Work to complete: Would you transcribe the entries below, beginning at the line with "Учкудук, продовольственный магазин" and ending after the line with "This Polish Pottery", exactly, with no picture and nothing more?

Material for this task:
◆ ◆ ◆ ◆

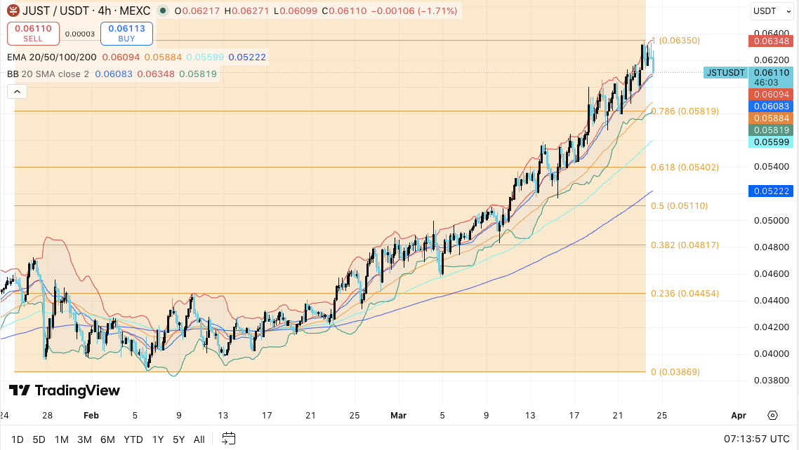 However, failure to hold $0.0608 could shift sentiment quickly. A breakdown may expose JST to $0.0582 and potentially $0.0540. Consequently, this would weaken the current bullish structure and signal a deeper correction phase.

◆ ◆ ◆ ◆

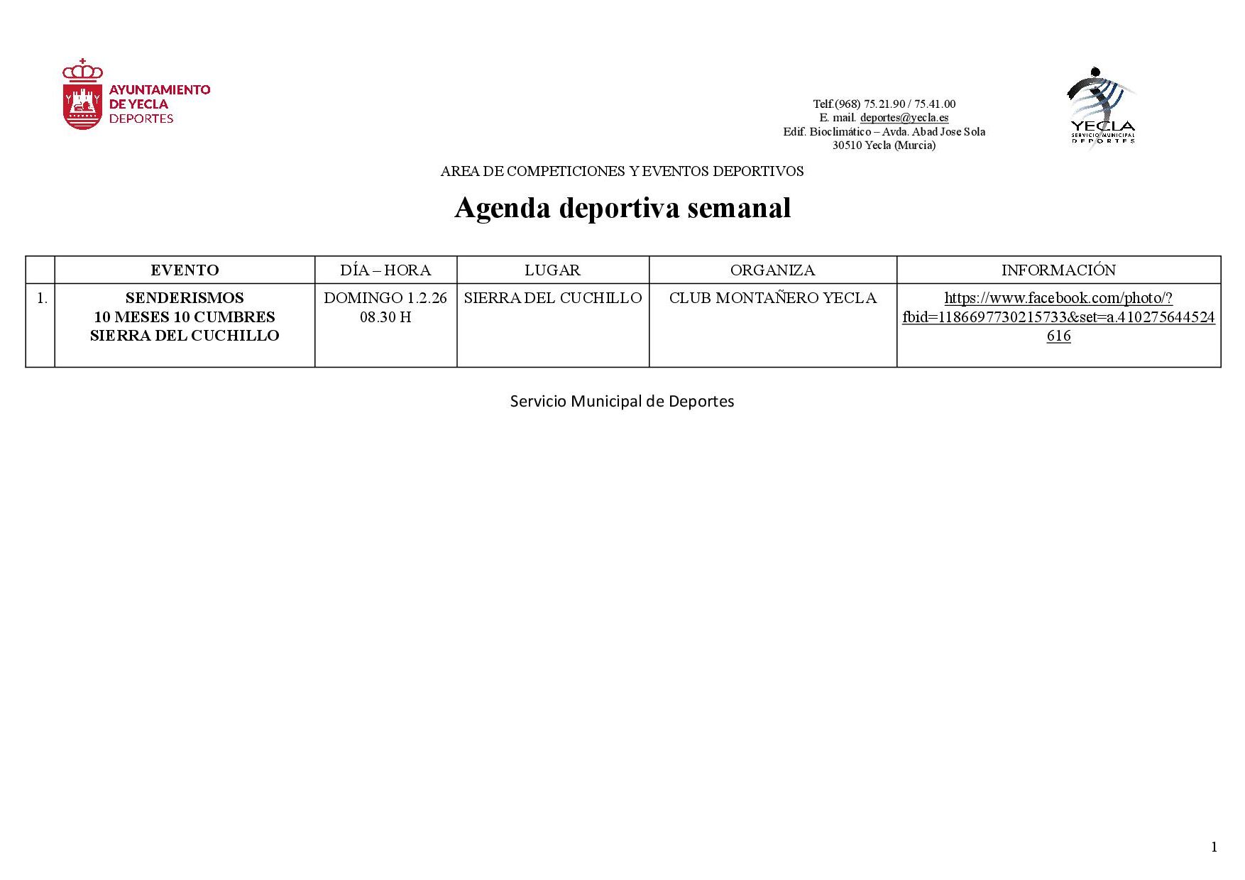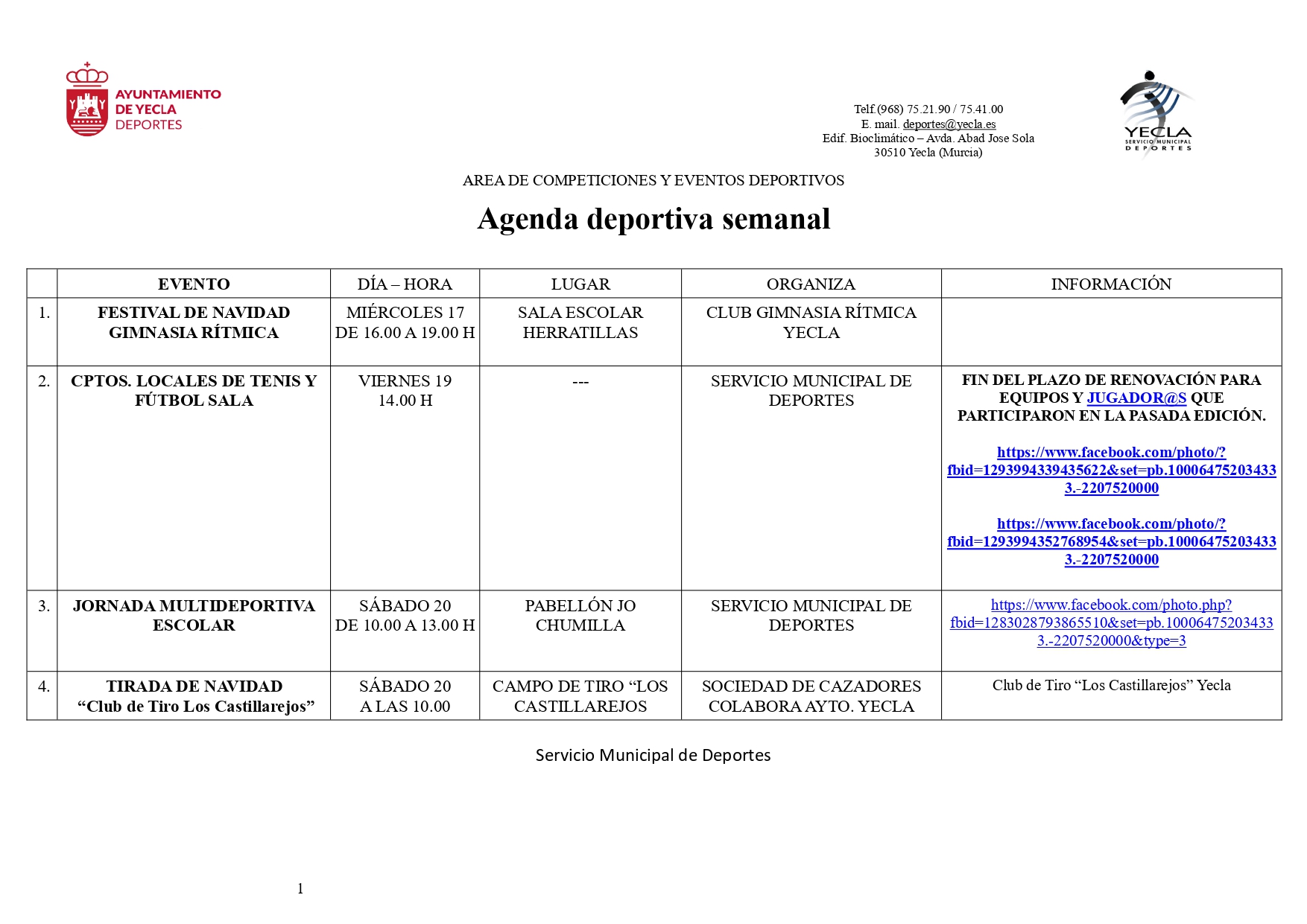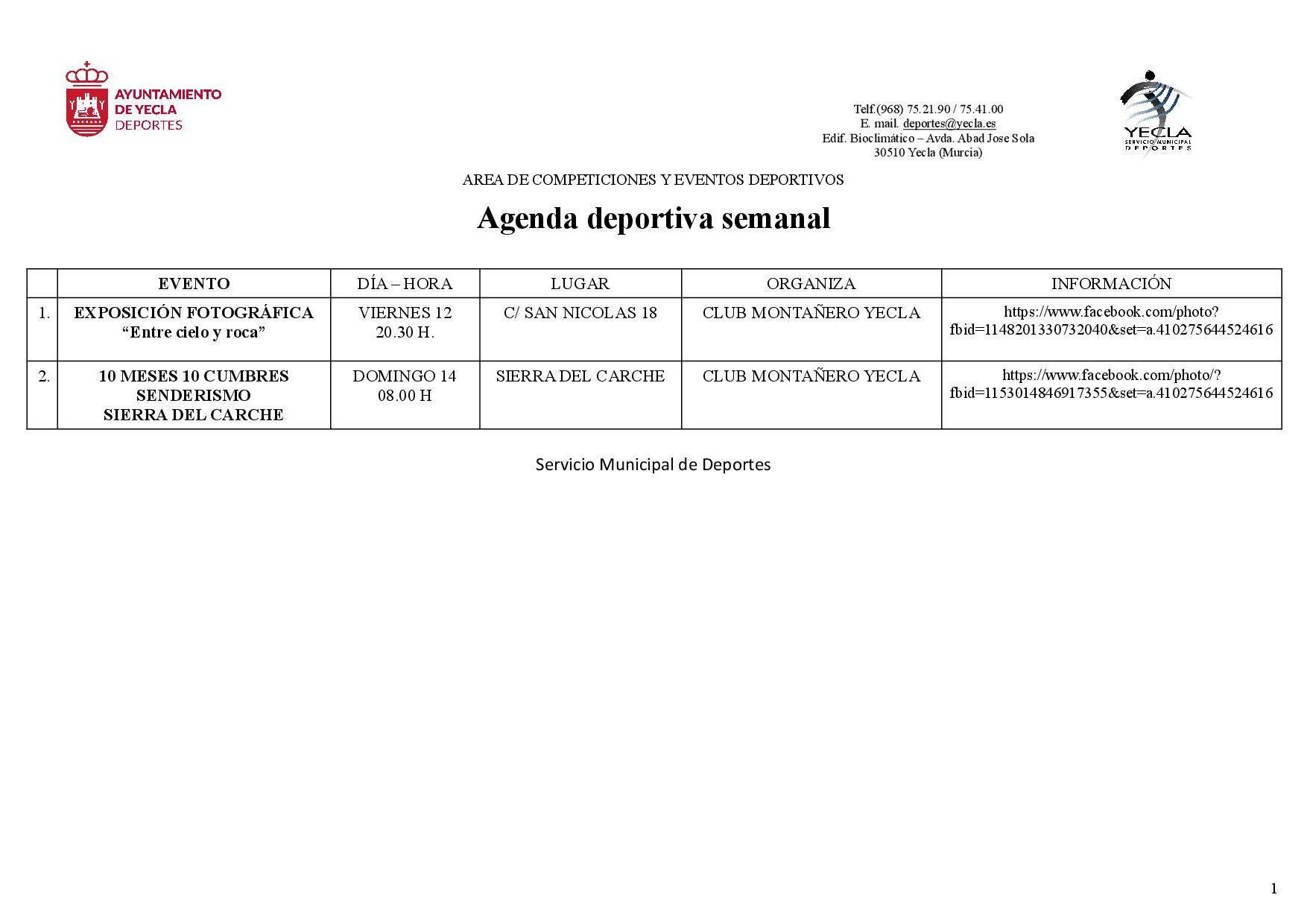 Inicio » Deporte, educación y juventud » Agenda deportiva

◆ ◆ ◆ ◆

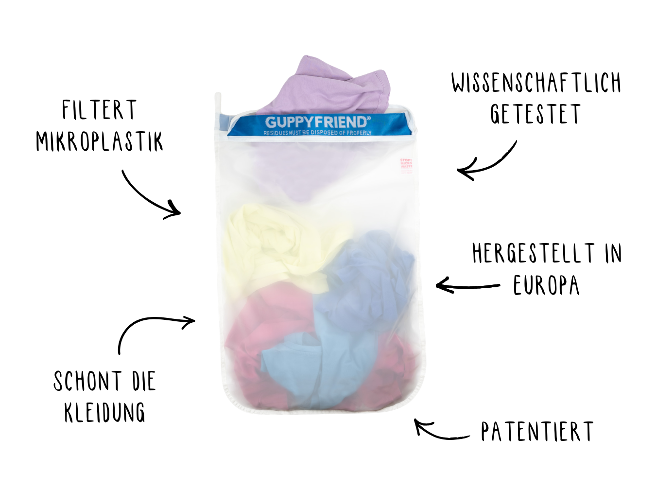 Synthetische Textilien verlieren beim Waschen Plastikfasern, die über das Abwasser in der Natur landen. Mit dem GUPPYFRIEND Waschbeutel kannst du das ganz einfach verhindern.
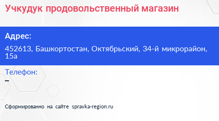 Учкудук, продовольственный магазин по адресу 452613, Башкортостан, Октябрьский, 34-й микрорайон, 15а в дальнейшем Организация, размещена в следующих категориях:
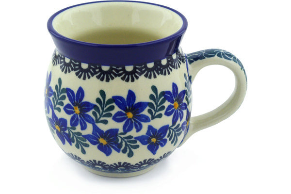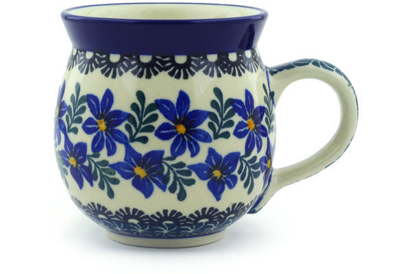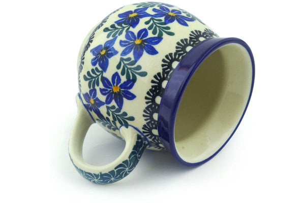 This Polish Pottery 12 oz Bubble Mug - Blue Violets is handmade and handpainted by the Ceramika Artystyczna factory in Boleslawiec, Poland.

◆ ◆ ◆ ◆

Expected answer:
 Учкудук, продовольственный магазин по адресу 452613, Башкортостан, Октябрьский, 34-й микрорайон, 15а в дальнейшем Организация, размещена в следующих категориях:
 This Polish Pottery 12 oz Bubble Mug - Blue Violets is handmade and handpainted by the Ceramika Artystyczna factory in Boleslawiec, Poland.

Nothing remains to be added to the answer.